In the early 1960s, “The Isley Brothers” employed a guitarist that helped the group shape its flair for rock/soul laden songs. The guitarist, while not widely known at the time, was Jimmy James, better known as Jimi Hendrix.
“People don’t realize that ‘The Isley Brothers’ bought Jimi Hendrix his first guitar, and when he went into the recording studio for the first time in his life, it was with ‘The Isley Brothers,” said Ernie Isley.
While young Ernie Isley was just a kid, having daily access to Hendrix for years allowed the youngster to observe every aspect of the guitarist’s evolving musical talents. Years later, Ernie would adopt a “Hendrix-ism” style of playing the electric guitar, even to this day. Interestingly, Ernie didn’t play guitar during the time Hendrix lived and played with “The Isley Brothers.” Ernie’s first instrument was the drums.
“I played my first live gig with my brothers when I was 14 years old,” Isley recalled. “It was in Philadelphia and I played drums, because the group’s drummer had quit. That same night in Philly, I played drums behind “Martha Reeves and The Vandellas” because they didn’t have a drummer.

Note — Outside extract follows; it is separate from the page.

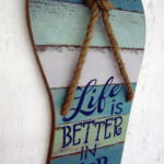 Brand new over sized wooden flip flop shaped wall sign with real jute strap. Measures about 22 1/2″ long by 10 1/2″ wide. Reads Life is Better in Flip Flops.

So I got the chance to play on ‘Dancing in the Streets’ and ‘Heatwave.’ ”
Believing that record companies, such as Atlantic, United Artists and Motown, didn’t truly understand “The Isley Brothers’ ” evolving “multi-genre” exploration of rock, R&B, pop, and soul, the group formed its own independent record label called T-Neck Records. The 23-CD box collection contains many of the group’s work on T-Neck, inclusive of such smash hits as “Love the One You’re With,” “Lay, Lady, Lay” and “That Lady.”
The unique vocalizations of Ronald, Rudolph, and O’Kelley were now augmented by the musical and vocal talents of younger brothers Ernie (lead guitar and drums), Marvin (bass guitar) and Rudolph’s brother-in-law Chris Jasper (keyboards/synthesizers). Jasper, a classical-trained musician with a bachelor’s degree in Fine Arts/music composition from C.W. Post, was instrumental in writing, co-writing and/or arranging many of the songs that branded the group, beginning in the late 1960s, in ways that other groups could not emulate.